In the modern day, [with Machine Learning, we] observe how words and combinations of words are used, and from that build computer models of what the phrases mean. This approach is hopeless with a small amount of data, but somewhere in the range of millions or billions of examples, we pass a threshold, and the hopeless suddenly becomes effective, and computer models sometimes meet or exceed human performance.

It turned out that, in a way, Machine Learning of human language through examples was a bit like Einstein’s Theory of Relativity. Relativity seemed impossible when it was introduced partly because nobody had ever had the experience of traveling at speeds near the velocity of light (except in the car of a certain Welsh friend). Similarly, the idea of a computer acquiring any kind of useful language proficiency through examples originally seemed impossible partly because nobody had ever had the experience of having millions or billions of examples to work with.

The irony is that in the end, Machine Learning turned out to work much more like the way in which we ourselves learn language than the expert-system approach does: in our everyday lives, we also observe how words and combinations of words are used, and from that deduce what the phrases mean. When I have just learned a new word in Italian, for instance, it doesn’t mean much to me – it seems bereft of “semantics”. It’s just another arrangement of letters. But every time I hear it used by somebody or read it in a newspaper or a book, its meaning deepens for me, until eventually I can nearly feel its meaning viscerally as I speak it. I am literally learning through examples.
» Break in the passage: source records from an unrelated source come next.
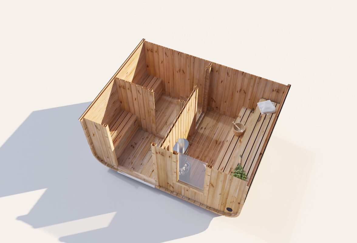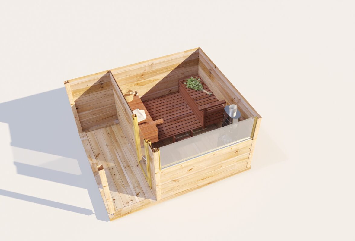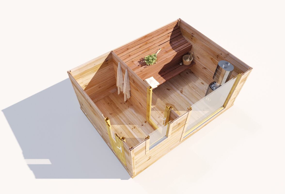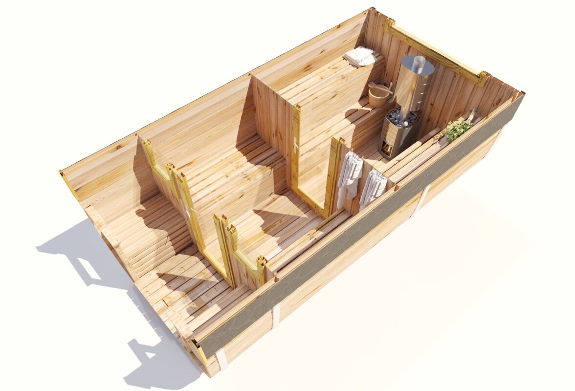 - Kaksiportaiset L-muotoiset lauteet lämpökäsiteltyä kuusta
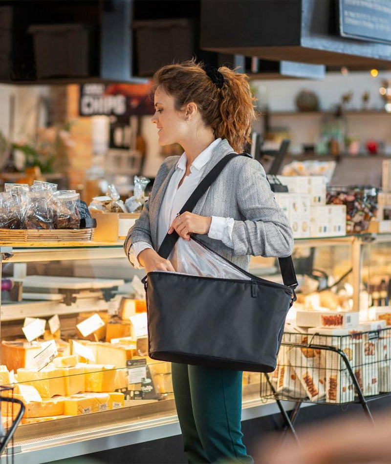 Stor svart kylväska från Hinza. Kylväskan har en dragkedja så att du lätt kan öppna och plocka ur och i dina saker. Kylväskan från Hinza är perfekt för din utflykt eller när du handlar kylvaror på sommaren. Välj själv om du vill bära väskan som den är, eller placera kylväskan i din Hinzaväska.
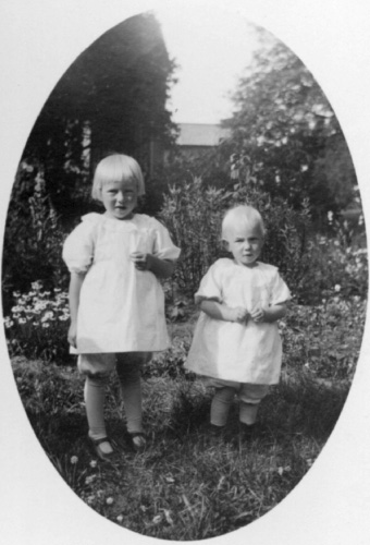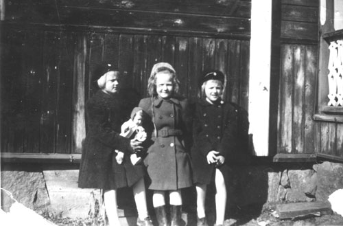Bildtext: På bron i Wästnång, Finnika. Fv: Kaj Berglund, Lennart Sjödin, Sigrid Westling (i dörröppningen), Kerstin Westling (Larsson), Göta Sjödin och Sven Westlings döttrar Gunilla och Monica

With the explosion in the amount of information in electronic form in the 1990s, Machine Learning started to replace the expert system approach to processing natural language. The learning process, or “training,” was accomplished through large corpora. A corpus (that’s the single of corpora) is a set of electronic documents full of examples with the correct answers marked so that the machine can learn from them. A huge number of such corpora have become available in recent years. An example is the Open American National Corpus, which contains 15 million words of American English. It is all nicely annotated for parts of speech, verb stems, and the like, and is available to any person (or computer) for study. Another example is the British National Corpus, which contains 100 million words with samples of both written and spoken English from many sources. Yet another example is the Corpus of Contemporary American English (COCA), which contains over 410 million words. Using this ever-increasing pool of corpora for training examples, Machine Learning programs just got better and better and better.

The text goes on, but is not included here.